# JXL Brass "Hype mix" tutorial



## Joël Dollié (Jan 16, 2020)

Hey all! I recently made a short tutorial on how to get a modern "hyped mix" with JXL brass. Since there's a lot of discussion about this library here, I thought you might find this interesting.


----------



## Bluemount Score (Jan 16, 2020)

True fans knew about this video long time ago


----------



## José Herring (Jan 23, 2020)

The brass sounds really good. But, I don't hear the "hype". Just sounds like brass well recorded and mixed.


----------



## José Herring (Jan 23, 2020)

Whoa, so went on to the OT site. Didn't know you could buy the instruments individually. Hmmm..... I've feeling the urge.


----------



## Joël Dollié (Jan 23, 2020)

josejherring said:


> The brass sounds really good. But, I don't hear the "hype". Just sounds like brass well recorded and mixed.
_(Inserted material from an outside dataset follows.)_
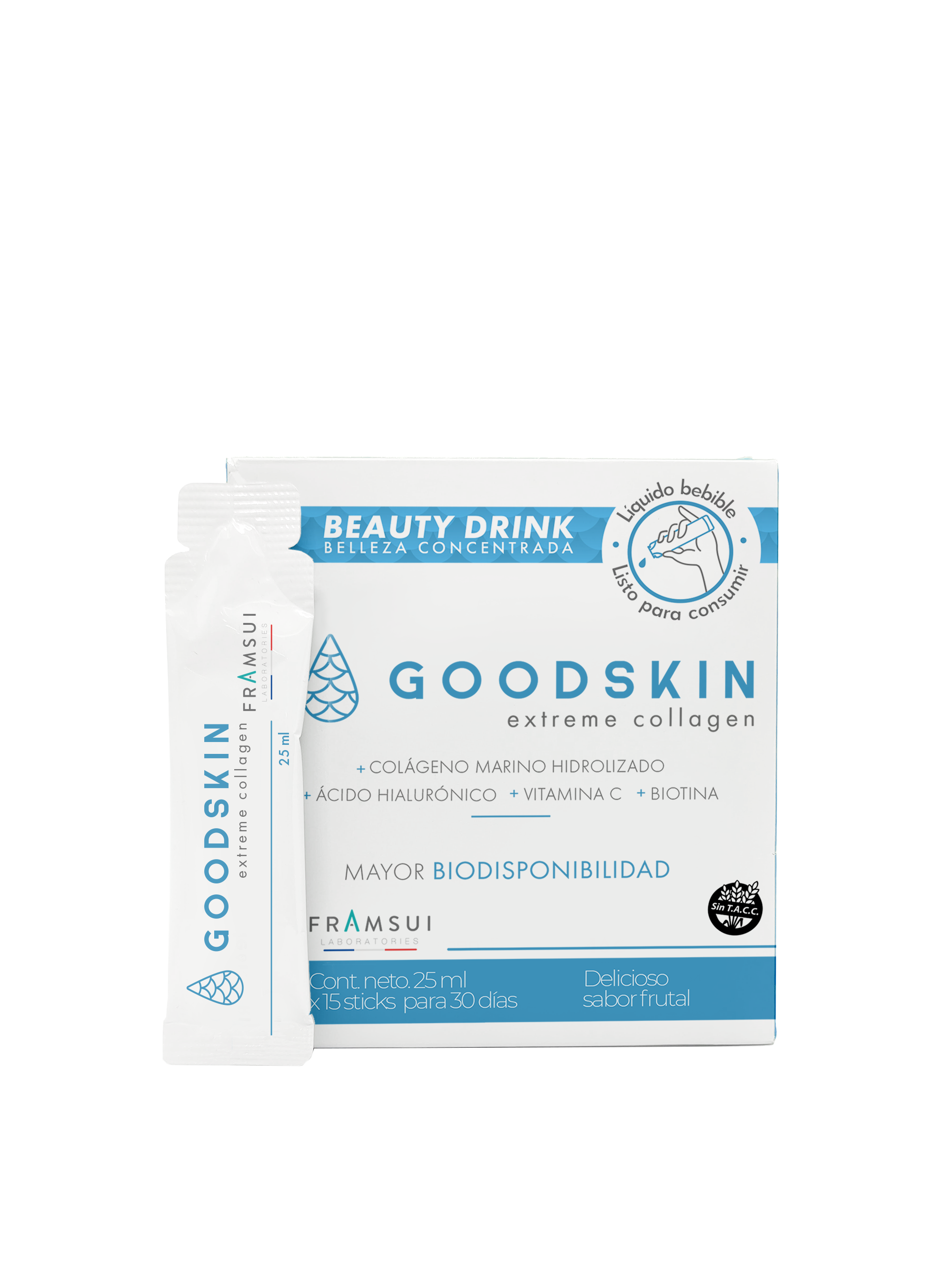 GOODSKIN es una bebida funcional, con delicioso sabor frutal, combinando ingredientes bioactivos, que actúan en forma sinérgica, mejorando su absorción y potenciando sus efectos, con una biodisponibilidad 6 veces mayor que presentaciones de colágeno en polvo o cápsulas.

Thanks! Well, natural brass is actually a lot muddier, but lots of recordings nowdays are mixed "hyped" so it's kinda becoming the new standard :o

Puts pressure on the players to sound louder.. Poor players.


----------



## José Herring (Jan 23, 2020)

Whatever you did it sounds good. I'm seriously considering picking up a few patches now. 

Is there no horn a2?


----------